Available data ▸
=== Section Start ===

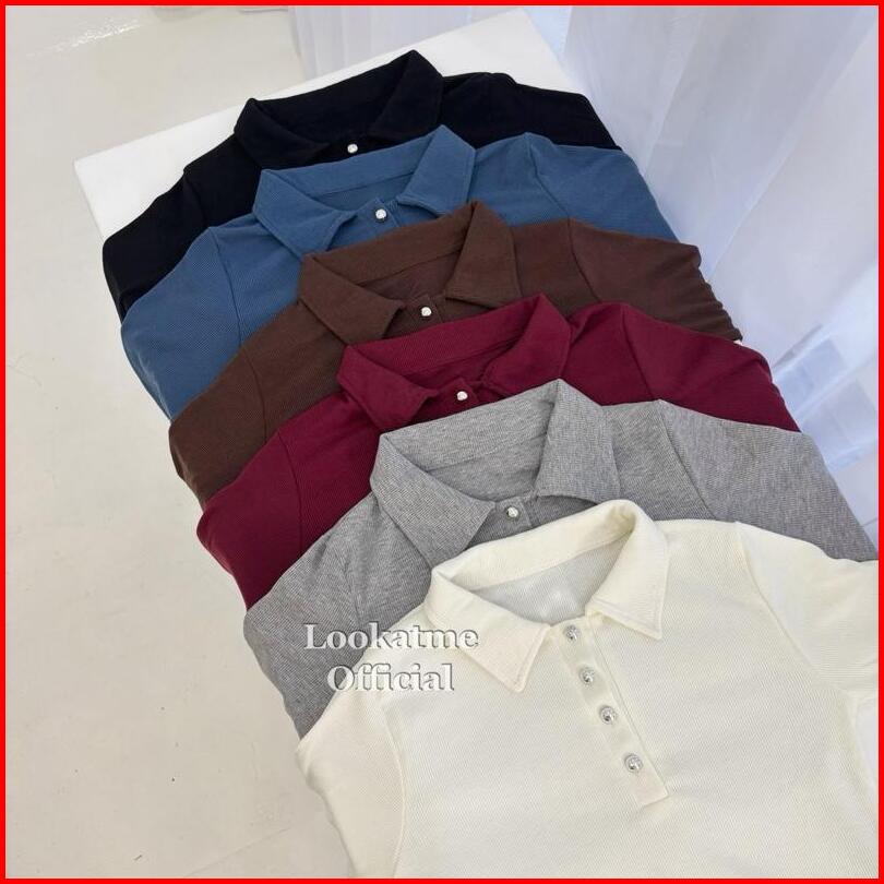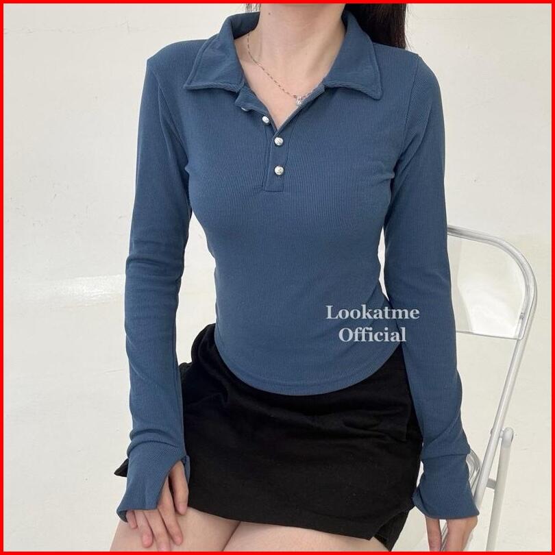 Joy Top - Atasan Wanita Kerah Longsleeve Bahan Knit Rib Premium Casual Top Hijab Lengan Panjang Kerah Kancing Melar Nyam
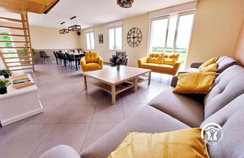 14 miles from Solesmes Abbey in Saulges, Un instant à Saulges, jusqu'à 12 personnes features accommodations with access to a sauna, hot tub, and wellness packages. The property is around 15 miles from Sable-Solesmes Golf Club, 23 miles from Laval-Changé Golf Course, and 28 miles from Anjou Golf Course. Guests can use a terrace. The vacation home also comes with a well-equipped kitchen with a dishwasher, a microwave, and a fridge, as well as a hair dryer. The accommodation is non-smoking. A children's playground is also available at the vacation home, while guests can also relax in the garden. Rennes–Saint-Jacques Airport is 71 miles from the property.
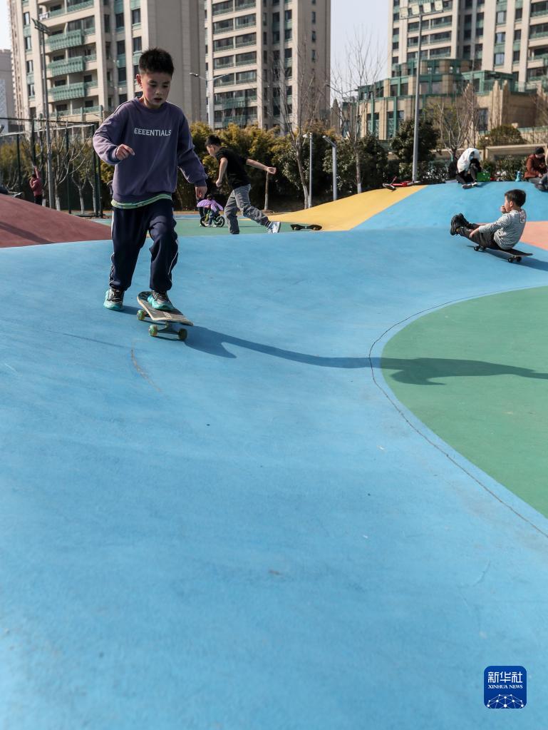 3月4日,孩子们在江苏省昆山市周市镇城市运动广场上运动。
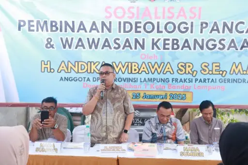 Bandar Lampung – Ungkap Kasus / Menjaga dan merawat Pancasila merupakan kewajiban setiap warga negara Indonesia, bukan hanya tugas aparat pemerintah. Hal ini disampaikan Anggota DPRD Provinsi Lampung, Andika Wibawa, saat melaksanakan sosialisasi Pembinaan Ideologi Pancasila dan Wawasan Kebangsaan di Sukadanaham, Tanjung Karang Barat, pada Sabtu (25/1).
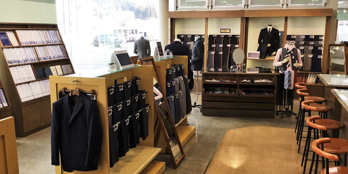 | 取扱い商品 | オーダースーツ / オーダージャケット / オーダーシャツ / フォーマルオーダースーツ(冠婚葬祭用) / リクルートスーツ(就活スーツ) / オーダーパンツ・スカート / ネクタイ・チーフ / ベルト / ギフト券 |
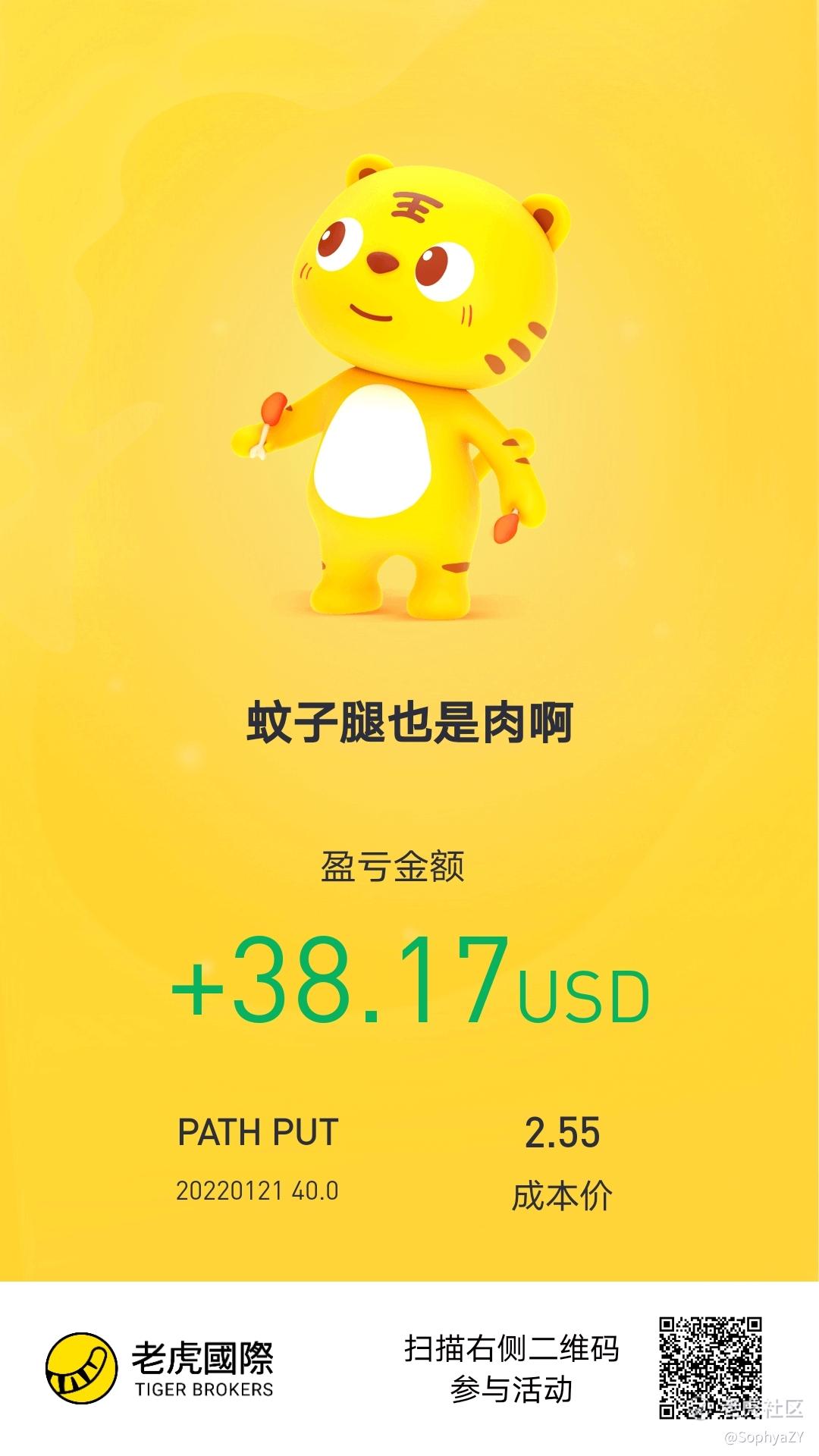 本想通过sell put 买成长股PATH,但行权价40美元定得太高了,一跌破,我马上平掉了做空的看跌期权,还赚了点零花钱。等跌到底了再买更好。
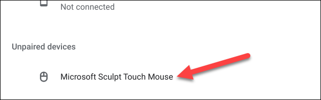 当您看到鼠标出现在“未配对的设备”部分时,请选择它。

=== Section End ===

What is expected ▸ Pictures excluded, give again exactly and only the lines of the material above from the line with "14 miles from" through the line with "3月4日,孩子们在江苏省昆山市周市镇城市运动广场上运动。".

Exercise response ▸
 14 miles from Solesmes Abbey in Saulges, Un instant à Saulges, jusqu'à 12 personnes features accommodations with access to a sauna, hot tub, and wellness packages. The property is around 15 miles from Sable-Solesmes Golf Club, 23 miles from Laval-Changé Golf Course, and 28 miles from Anjou Golf Course. Guests can use a terrace. The vacation home also comes with a well-equipped kitchen with a dishwasher, a microwave, and a fridge, as well as a hair dryer. The accommodation is non-smoking. A children's playground is also available at the vacation home, while guests can also relax in the garden. Rennes–Saint-Jacques Airport is 71 miles from the property.
 3月4日,孩子们在江苏省昆山市周市镇城市运动广场上运动。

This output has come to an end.